In 1992 she was invited to go to Japan for the Nagoya Film Festival, and then she was selected by the Ministry of Industry to rework the ancient Shibori. Marzotto applied this traditional Japanese technique to Western fashion styles, gaining recognition for her creativity in the fashion world. Some dresses from this collection are exhibited at the Arimatsu Museum in Nagoya.

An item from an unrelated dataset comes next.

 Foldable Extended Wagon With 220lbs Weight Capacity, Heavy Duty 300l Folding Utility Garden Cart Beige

Between the 1980s and 1990s she participated in thematic exhibitions like Futurismo at Palazzo delle Esposizioni in Rome, L'abito oltre la moda at the Fortuny Museum in Venice, with the installation The Dress of Light, and The Reggi-secolo along with influential designers, stylists and architects of that period.

=== Politics ===
Marzotto entered politics as a candidate for the 1999 European Parliament with the party The Democrats (Italy) by Romano Prodi, affiliated to Antonio Di Pietro's Italy of Values. In 2001–2002, she became a candidate for both the Lombardy Region as well as the Municipality of Milan, where she emerged as group leader of Italy of Values at the Milan Zone 1 Council (2002–2006).

=== Photography ===
In early 2020, Paola Marzotto traveled to Antarctica, where she realized the damages of climate change. She collected a series of photographs which were displayed in the exhibition Antarctica, Melting Beauty in the calendar of the Italian Pavilion of the Venice Biennale on architecture in 2021. Her collection was displayed at the School of Mines and Energy in Madrid in February 2022 on the occasion of the award celebration of the Nature photography contest dubbed #BetterEarthThanMars.

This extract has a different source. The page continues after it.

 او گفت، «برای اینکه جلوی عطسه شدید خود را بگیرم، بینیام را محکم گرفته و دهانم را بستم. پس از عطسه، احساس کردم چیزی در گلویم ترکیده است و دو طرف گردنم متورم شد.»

In October 2022, Marzotto's photographic collection was displayed on the occasion of the C40, the world mayors' summit on climate change. The event took place at the Gallery of the Atlantes in the Legislature Palace of Buenos Aires, where in recognition of her work, Marzotto was designed as Guest of Honor by the City's Legislature. The exhibition was also presented at the Museo Ralli in Punta del Este, Uruguay in January 2023.
In August 2021 Marzotto founded Eye-V Gallery to promote and organize cultural events related to artistic-natural photography. Eye-V Gallery hosts an international community of photographers and it is based in Uruguay, Buenos Aires, Milan and New York. In 2022, Eye-V Gallery hosted its first exhibition, Ode to Nature in collaboration with the Pool NYC. The exhibition explored the spiritual relationship with Mother Nature through the work of 13 photographers, all with different technological and cultural backgrounds.

== Personal life ==
In February 1978, Marzotto met her parents' friend Carlo Ferdinando Borromeo, Count of Arona with whom she started an 18-year relationship. Borromeo and Marzotto have two children; Carlo Ludovico Borromeo, designer, and Beatrice Borromeo, journalist and TV presenter, daughter-in-law of Princess Caroline of Monaco.